Progress M1-4 was launched at 01:32:36 UTC on November 16, 2000. The freighter docked with the Nadir port of the Zarya module at 03:47:42 UTC on November 18, 2000. The Kurs docking system failed during docking, and the manual backup, TORU, was used for the docking. Progress M1-4 remained docked for two weeks before undocking at 16:22:52 UTC on December 01, 2000. Following its undocking, Progress M1-4 spent 25 days in free flight, prior to redocking with the same port on December 26, 2000 at 11:03:13 UTC. Like the original docking, the TORU system was used, as although the fault with the Kurs system had been resolved, the procedure used to abort the original Kurs docking attempt was irreversible due to the retraction of an antenna that could not be redeployed. It remained docked for six weeks before undocking again at 11:26:04 UTC on February 08, 2001. It was deorbited at 12:59 UTC on the same day. The spacecraft burned up in the atmosphere over the Pacific Ocean, with any remaining debris landing in the ocean at around 13:50 UTC.
On December 02, 2000 the Expedition One crew received the first visiting crew. Space Shuttle STS-97 docked with the International Space Station.
The primary objective was to deliver and connect the first set of U.S.-provided solar arrays to the International Space Station. The astronauts completed three spacewalks, during which they prepared a docking port for arrival of the Destiny Laboratory Module, installed Floating Potential Probes to measure electrical potential surrounding the station, installed a camera cable outside the Unity Module, and transferred supplies, equipment and refuse between Endeavour and the station.
After the orbiter docked with the ISS, the crew entered PMA-3 to install ground straps, and perform a pressure leak check and center disk removal to prepare for their later entry into the Unity module of the ISS for supply transfer.

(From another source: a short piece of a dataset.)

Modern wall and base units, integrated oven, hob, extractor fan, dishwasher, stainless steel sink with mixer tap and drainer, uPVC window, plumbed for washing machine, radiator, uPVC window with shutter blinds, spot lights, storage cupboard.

After Endeavour docked to the International Space Station, Marc Garneau used the Shuttle's robot arm to lift the P6 structure out of the payload bay where it remained attached overnight. Prior to the start of the first space walk, he used the arm to move the 35,000 pound assembly to the "low hover" position adjacent to Endeavour's payload bay.
The first EVA by Joseph Tanner and Carlos Noriega was performed on December 03, 2000 (7h 33m). They performed preparation work for the mount of the energy module and checked the docking to P6/Z1.

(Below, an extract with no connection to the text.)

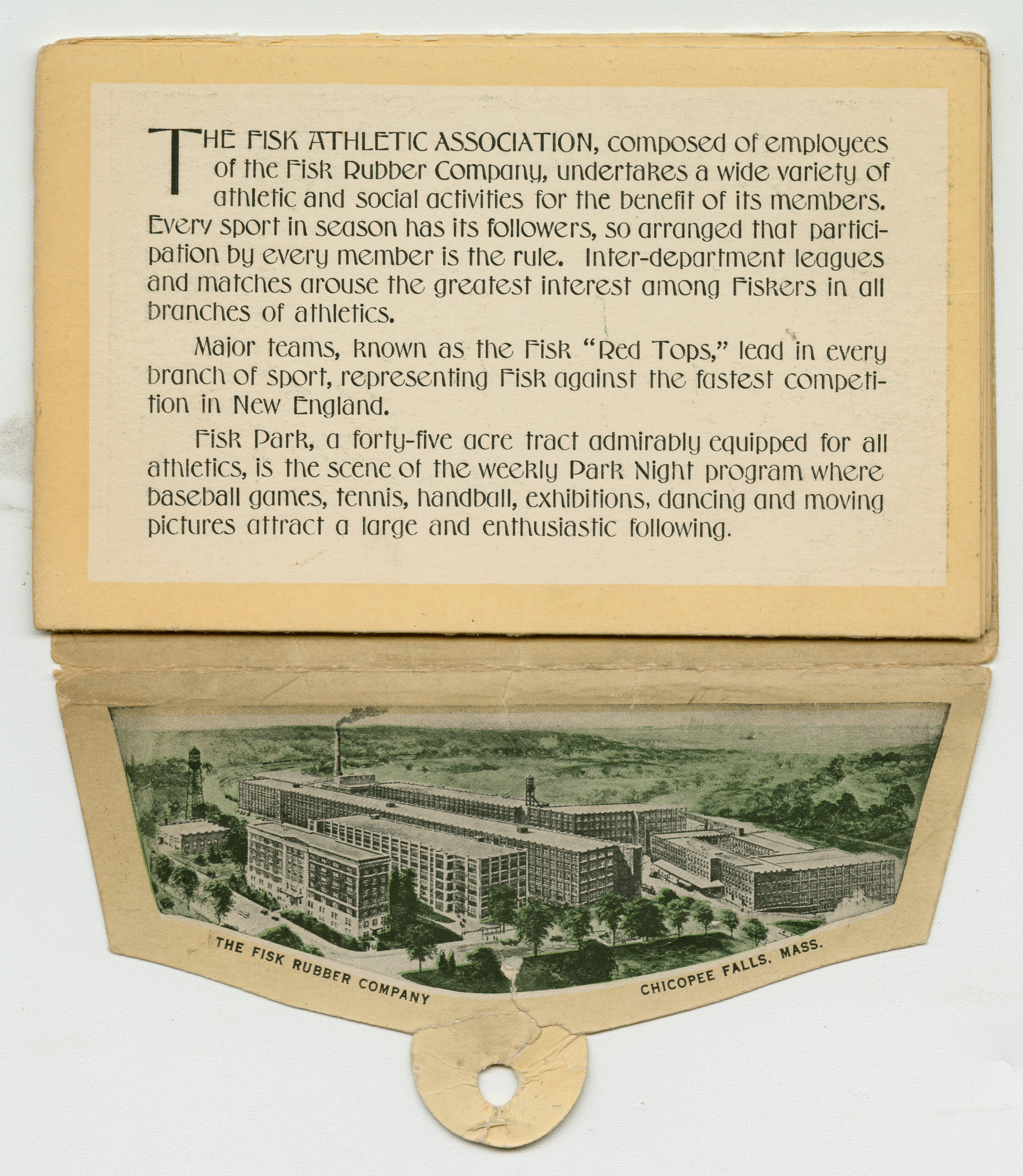 Fisk Park commerative postcards set with cover flap open. The flap photographs showing the Fisk plant is visible and there is text in the body of the card above the flap. The text describes the Fisk Athletic Association's activities.

Once the P6 was in its low hover position, the EVA crew exited Endeavour's air lock and began assembling the tools and hardware they used during the space walk.
Joseph Tanner and Carlos Noriega took positions on the forward and aft sides of the Z1 truss, respectively, to provide robot arm operator Marc Garneau with visual cues as he unberthed the P6 structure. Marc Garneau's primary cues came from the Space Vision System that provided him with a closed circuit television view of targets located on the P6 and the ISS, but Joseph Tanner and Carlos Noriega provided verbal confirmation and additional visual cues throughout the unberthing process.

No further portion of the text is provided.